» Work item: The exercise calls for exact output of the lines between the one that contains "虫歯の患者を診察中の外国人歯科医" and the end of the data, with both ends kept and pictures left out.

» Supplied material:
"""

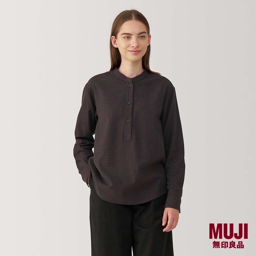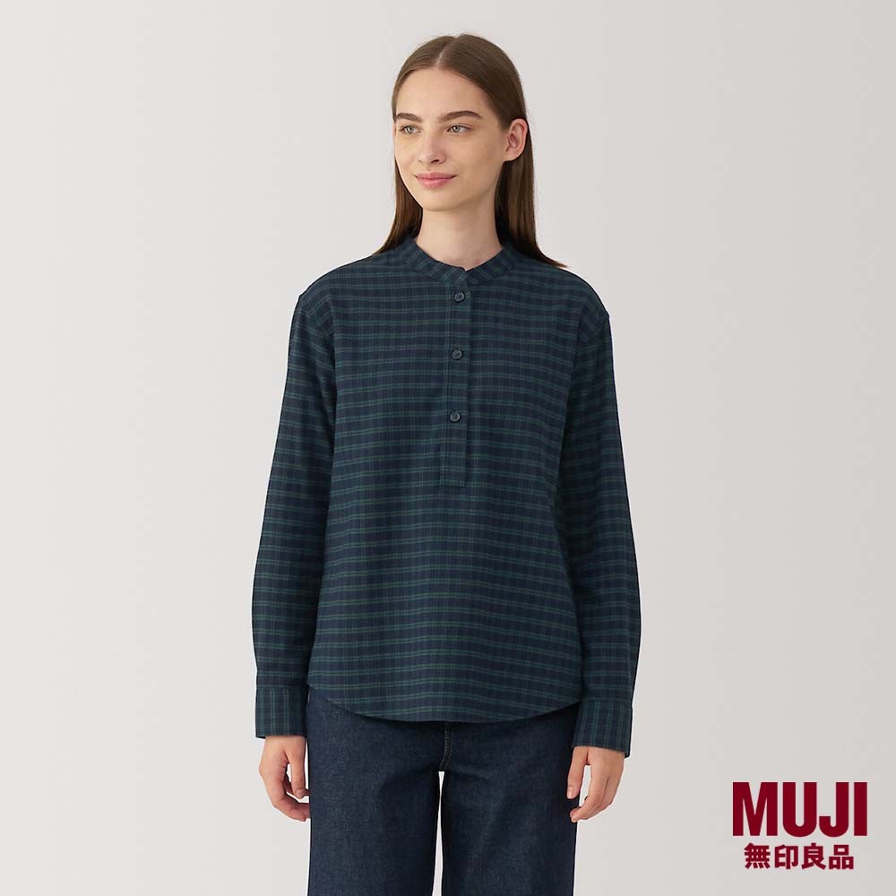 MUJI Ladies Double-Brushed Flannel Stand Collar L/S Blouse
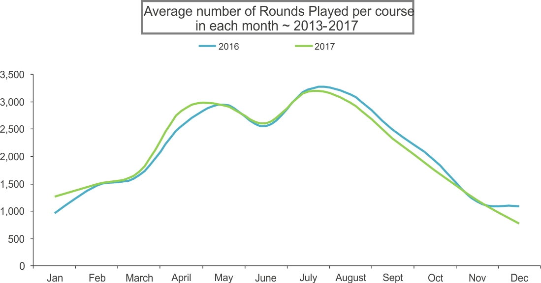 The drop over the final three months of the year also contributed heavily to the fact that rounds played for the full year were fractionally down nationally. Despite this, year-end figures for Scotland, the Midlands and the South regions all showed stability or slight growth compared to 2016.
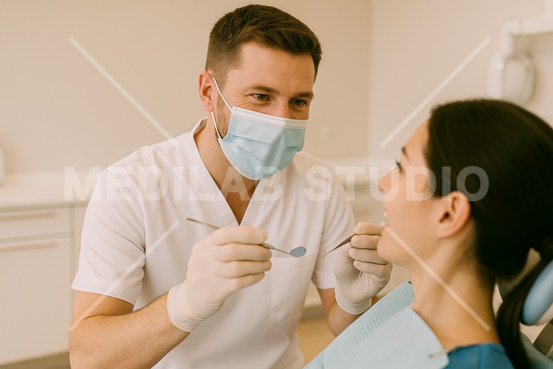 虫歯の患者を診察中の外国人歯科医
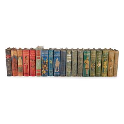 At Agincourt. London: Blackie & Son, [n.d.] 8vo, original green cloth gilt; By Right of Conquest. London: Blackie and Son, 1910. New Edition, 8vo, original cloth gilt; True to the Old Flag. London: Blackie & Son, [n.d.] 8vo, original cloth gilt; For Name and Fame: or, Through Afghan Passes. London: Blackie & Son, [n.d.]. 8vo, original cloth gilt, endpaper lacking; By Conduct and Courage. London: Blackie and Son Limited, 1905. 8vo, original cloth gilt; The Young Colonists... London: Blackie & Son, [n.d.] 8vo, original cloth; On the Irrawaddy. London: Blackie & Son, 1897. 8vo, original coth, worn, library stamp; Through Russian Snows. London: Blackie & Son, 1896. 8vo, original cloth; A March on London. London: Blackie & Son, 1898. London: Blackie & Son Limited, 1898. 8vo, original blue cloth gilt; A Knight of St John. London: Blackie and Son, 1912. New edition, 8vo, original cloth gilt; A knight of the White Cross. London: Blackie & Son, 1896. 8vo, original cloth gilt; By Pike and Dyke. London: Blackie & Son, 1890. 8vo, original cloth gilt; Wulf the Saxon. London: Blackie & Son, [n.d.] 8vo, original cloth; The Lion of St. Mark. London: Blackie and Son, [n.d.] New edition, 8vo, original cloth gilt; When London Burned. London: Blackie & Son, [n.d.] 8vo, original cloth; For the Temple. London: Blackie & Son, [n.d.] 8vo, calf gilt, worn; and an incomplete copy of In Freedom's Cause; Mrs Sherwood The Fairchild Family. London: Wells Gardner, [1931]. Fifth edition, 8vo, original cloth; Day, Thomas The History of Sandford and Merton. London: George Routeledge and Sons, [n.d.] 8vo, original cloth gilt (19)

"""

» Response to the task:
 虫歯の患者を診察中の外国人歯科医
 At Agincourt. London: Blackie & Son, [n.d.] 8vo, original green cloth gilt; By Right of Conquest. London: Blackie and Son, 1910. New Edition, 8vo, original cloth gilt; True to the Old Flag. London: Blackie & Son, [n.d.] 8vo, original cloth gilt; For Name and Fame: or, Through Afghan Passes. London: Blackie & Son, [n.d.]. 8vo, original cloth gilt, endpaper lacking; By Conduct and Courage. London: Blackie and Son Limited, 1905. 8vo, original cloth gilt; The Young Colonists... London: Blackie & Son, [n.d.] 8vo, original cloth; On the Irrawaddy. London: Blackie & Son, 1897. 8vo, original coth, worn, library stamp; Through Russian Snows. London: Blackie & Son, 1896. 8vo, original cloth; A March on London. London: Blackie & Son, 1898. London: Blackie & Son Limited, 1898. 8vo, original blue cloth gilt; A Knight of St John. London: Blackie and Son, 1912. New edition, 8vo, original cloth gilt; A knight of the White Cross. London: Blackie & Son, 1896. 8vo, original cloth gilt; By Pike and Dyke. London: Blackie & Son, 1890. 8vo, original cloth gilt; Wulf the Saxon. London: Blackie & Son, [n.d.] 8vo, original cloth; The Lion of St. Mark. London: Blackie and Son, [n.d.] New edition, 8vo, original cloth gilt; When London Burned. London: Blackie & Son, [n.d.] 8vo, original cloth; For the Temple. London: Blackie & Son, [n.d.] 8vo, calf gilt, worn; and an incomplete copy of In Freedom's Cause; Mrs Sherwood The Fairchild Family. London: Wells Gardner, [1931]. Fifth edition, 8vo, original cloth; Day, Thomas The History of Sandford and Merton. London: George Routeledge and Sons, [n.d.] 8vo, original cloth gilt (19)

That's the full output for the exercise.